Thread: Need regexp help

  1. #1
    Registered User
    Join Date
    Sep 2008
    Posts
    10

    Need regexp help

    I'm trying to write a small C program that takes a file containing this:

    <mytag> "HELLO" </mytag> asdfasdfadsfadsf <mytag> "WORLD" </mytag>

    ... and fetches HELLO and HELLO using regular expressions.

    I have everything set up in place, this is the regexp I'm using:

    <mytag>.*(HELLO).*</mytag>

    The problem is that this matches the ENTIRE string. So I got the tip to use lazy quantifiers, like so:

    <mytag>.*?(HELLO).*?</mytag>

    which *would* work if the regexp engine was regexp directed, not text directed. But sadly, it does not.

    So my question, which I'd be very happy to have answered, is how do I write a regexp that matches, with HELLO as a substring, the above and just the first part of the string?

    Does the question make sense?

    TIA!

  2. #2
    and the Hat of Guessing tabstop's Avatar
    Join Date
    Nov 2007
    Posts
    14,336
    Well, who knows what regexp engine you're using (hint: not us). And does the engine not have documentation?

  3. #3
    spurious conceit MK27's Avatar
    Join Date
    Jul 2008
    Location
    segmentation fault
    Posts
    8,300

    Talking

    Since "HELLO" is really an exact match (unlike "H.?LLO"), you might as well just iterate through your line one character at a time. But I presume your wanted substring is actually something else, or you wouldn't be asking this question -- unless you just want to check if HELLO is present.

    This is more or less what I've been using:
    Code:
    #include <regex.h>
    
    struct matchspec {
    	int bgn;
    	int end;
    } rgxp;
    
    char *regexp (char *string, char *patrn) {
    	short int i, w=0, len;
    	char *word = NULL;
    	regex_t rgT;
    	regmatch_t match;
    	regcomp(&rgT,patrn,REG_EXTENDED);
    	if ((regexec(&rgT,string,1,&match,0)) == 0) {
    		rgxp.bgn = (int)match.rm_so;
    		rgxp.end = (int)match.rm_eo;
    		len = rgxp.end-rgxp.bgn;
    		word=malloc(len+1);
    		for (i=rgxp.bgn; i<rgxp.end; i++) {
    			word[w] = string[i];
    			w++; }
    		word[w]=0; //make sure this string is terminated
    	}
    	regfree(&rgT);
    	return word;
    }
    regexp(yourline,"H.*O") (for example) will put the character positions of the match into global struct rgxp as rgxp.bgn and rgxp.end.
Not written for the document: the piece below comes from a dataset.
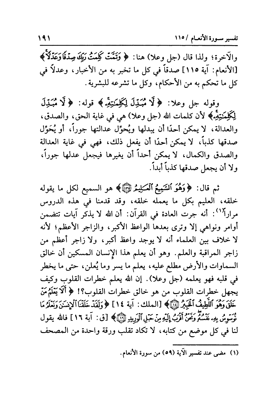 والآخرةِ؛ ولذا قال (جل وعلا) هنا: {وَتَمَّتْ كَلِمَتُ رَبِّكَ صِدْقًا وَعَدْلاً} [الأنعام: آية ١١٥] صدقًا في كُلِّ ما تُخْبِرُ به من الأخبارِ، وَعَدْلاً في كُلِّ ما تَحْكُمُ به من الأحكامِ، وكلِّ ما تُشَرِّعُهُ للبشريةِ.
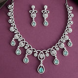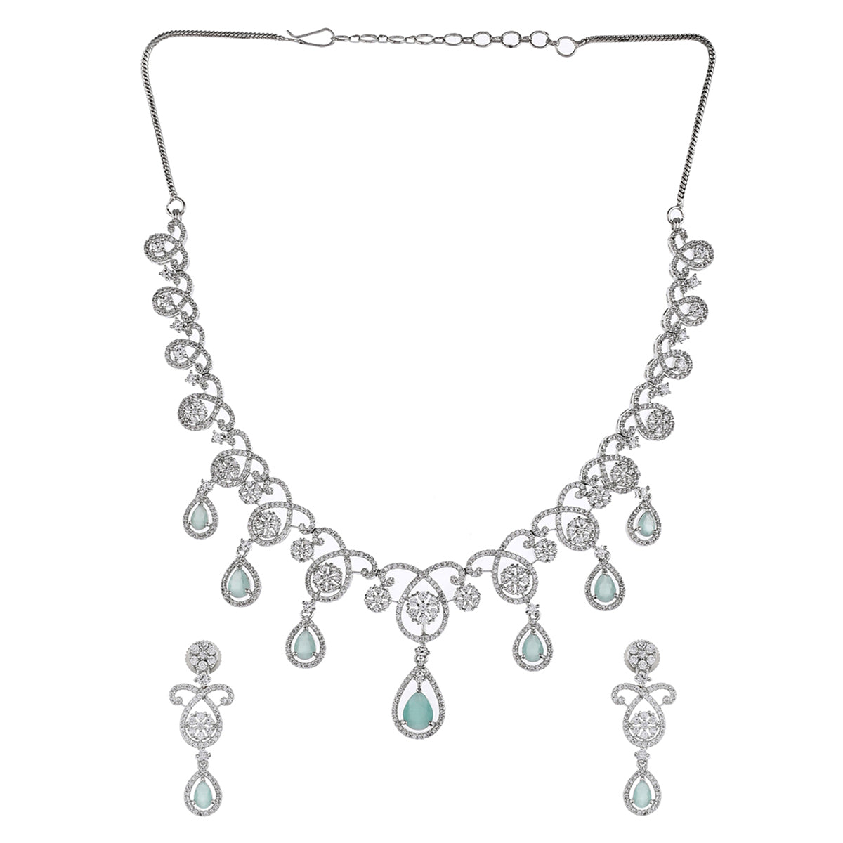 Brass jewellery set with CZ gemstones in a floral pattern. Beaded and silver plated, the set is lightweight, comfortable and versatile.

The first character in a line is zero and I believe the "end" value is actually the character after the "O". If there is no match, you get a NULL pointer. If there is a match, you get the content of the match returned (ie. "HEL+O" could return "HELLO").
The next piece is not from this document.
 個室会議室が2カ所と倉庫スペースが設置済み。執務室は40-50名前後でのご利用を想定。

    Good luck. nb. this only returns the first match, but qv. the method in my next post for the next match
    Last edited by MK27; 09-04-2008 at 11:02 AM. Reason: correction..
    C programming resources:
    GNU C Function and Macro Index -- glibc reference manual
    The C Book -- nice online learner guide
    Current ISO draft standard
    CCAN -- new CPAN like open source library repository
    3 (different) GNU debugger tutorials: #1 -- #2 -- #3
    cpwiki -- our wiki on sourceforge

  4. #4
    and the hat of int overfl Salem's Avatar
    Join Date
    Aug 2001
    Location
    The edge of the known universe
    Posts
    39,659
    What about the input of
    <mytag>
    "HELLO"
    </mytag>

    If it's well-formed XML, there's no reason to assume that everything will be neatly on one line for you to process.
    If you dance barefoot on the broken glass of undefined behaviour, you've got to expect the occasional cut.
    If at first you don't succeed, try writing your phone number on the exam paper.

  5. #5
    & the hat of GPL slaying Thantos's Avatar
    Join Date
    Sep 2001
    Posts
    5,681
    First, *? is not useful according to any regexp rules I've ever seen
    *? means that * shouldn't be greedy.

  6. #6
    spurious conceit MK27's Avatar
    Join Date
    Jul 2008
    Location
    segmentation fault
    Posts
    8,300

    Cool

    (re: Salem) okay! parse an .xml into one line, presuming unix linefeeds:

    Code:
    char *linefile (char *file) {
    	size_t len, mem=0;
    	char *cumul, *line = NULL;
    	static char err[]="ERROR";
    	FILE *FST_mine = fopen(file, "r");
    	if (FST_mine == NULL) return line;
    	while ((line = linein(FST_mine)) != NULL) {
    		len = strlen(line);
    		if (mem == 0) { mem = len+1;
    			cumul = malloc(mem);
    			strcpy(cumul,line);
    		}
    		else {	mem += len;
    			cumul = (char *)realloc(cumul,mem);
    			strcat(cumul,line);
    		}
    	}
    	if (fclose(FST_mine) != 0) { puts("fclose fail linefile()");
    		return err;}
    	return cumul;
    }
    char *myline=linefile("myfile.xml")
    Feed that through the above "regexp" and each time it returns convert all characters in "myline" upto the last rgxp.end into spaces (remember to collect bgn and end somewhere):
    Code:
    for (i=0; i <rgxp.end; i++) myline[i]=32;
    Then maybe free(myline) and you'll end up with an array (or whatever you did to collect the bgns and ends) consisting of the character positions for HELLO in the entire file.

    (re: Thanatos) oh!

    For an explanation of "linein" see one of my posts on the next page...sorry...
    Last edited by MK27; 09-05-2008 at 08:44 AM. Reason: linein
    C programming resources:
    GNU C Function and Macro Index -- glibc reference manual
    The C Book -- nice online learner guide
    Current ISO draft standard
    CCAN -- new CPAN like open source library repository
    3 (different) GNU debugger tutorials: #1 -- #2 -- #3
    cpwiki -- our wiki on sourceforge

  7. #7
    and the hat of int overfl Salem's Avatar
    Join Date
    Aug 2001
    Location
    The edge of the known universe
    Posts
    39,659
    Do you want to know how many bugs that contains?
    If you dance barefoot on the broken glass of undefined behaviour, you've got to expect the occasional cut.
    If at first you don't succeed, try writing your phone number on the exam paper.

  8. #8
    spurious conceit MK27's Avatar
    Join Date
    Jul 2008
    Location
    segmentation fault
    Posts
    8,300

    Unhappy

    "Do you want to know how many bugs that contains?"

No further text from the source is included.